If the test didn’t pass, take a few minutes to figure out what went wrong, and re-run the test until it passes.

If you get stuck, refer to the code that I wrote for this section.

Register your Python function as a plugin action#

The last step in defining a visualizer for your plugin is to register the function we just wrote as a visualizer. To do this, we’ll go back to the plugin_setup.py file.

In that file, you’ll first need to import your visualizer function so you can register it by adding the following line to the top of the file:

from q2_dwq2._visualizers import summarize_alignment

Then, you’ll call plugin.visualizers.register_function, as follows:

plugin.visualizers.register_function(
    function=summarize_alignment,
    inputs={'msa': FeatureData[AlignedSequence]},
    input_descriptions={'msa': 'The multiple sequence alignment to summarize.'},
    parameters={},
    parameter_descriptions={},
    name='Summarize an alignment.',
    description='Summarize a multiple sequence alignment.',
)

This is very similar to how we registered our nw_align function, except that because this is a visualizer, we’re calling plugin.visualizers.register_function, rather than plugin.methods.register_function. We still provide the function we want to register, inputs and input_descriptions, parameters and parameter_descriptions, a name, a description, and citations if we had any (but we don’t here).
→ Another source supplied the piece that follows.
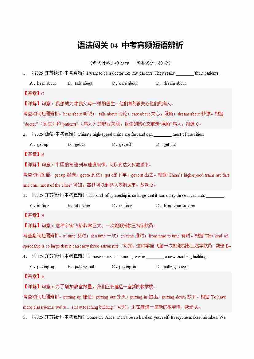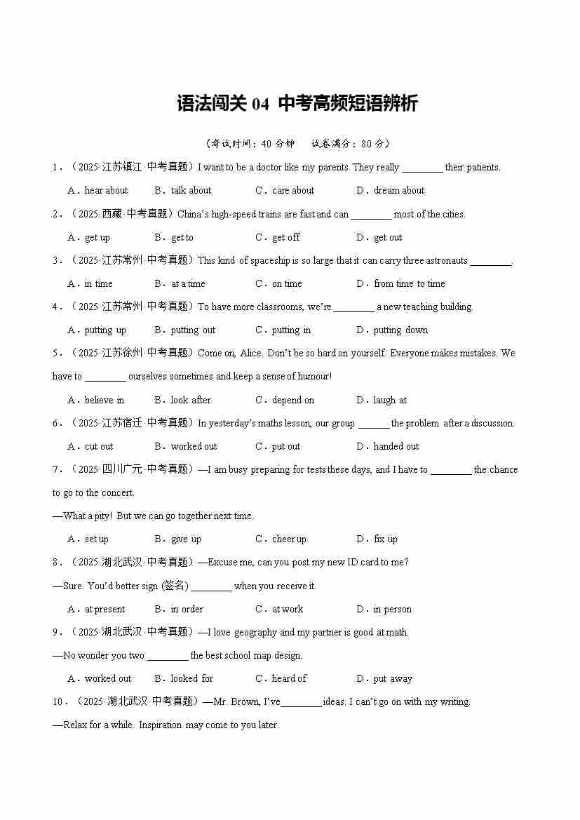 Part 3 词汇语法综合练语法闯关04 中考高频短语辨析(培优综合训练)(全国通用)(原卷版)

If you now save this file, and call qiime dev refresh-cache, you should be able to see and use your visualizer. Try out your new visualizer by providing one of the FeatureData[AlignedSequence] artifacts that you generated as output from calling your nw-align action. To see what it looks like, load the visualizer with QIIME 2 View. You should see something like this at QIIME 2 View:

TabularMSA[DNA]
-------------------------
Stats:
sequence count: 2
position count: 25
-------------------------
ACCGGTGGAACCGG-TAACACCCAC
ACCGGT--AACCGGTTAACACCCAC

While you’re there, also take a minute to review the Provenance of your visualizer using the Provenance tab on that page.

An optional exercise#

As mentioned above, our visualizer is a little crude and if you try to summarize long alignments (longer than 80 positions) you won’t see the full alignment. Spend some time making it look a little nicer, and maybe even expanding this to see the full alignment for longer alignments. For example, color the different nucleotide characters differently, or use colors or other formatting to indicate where there are matches, mismatches, and gaps in the alignment. You don’t have to use the repr function - you can access other parts of the TabularMSA API to display whatever information you’d like.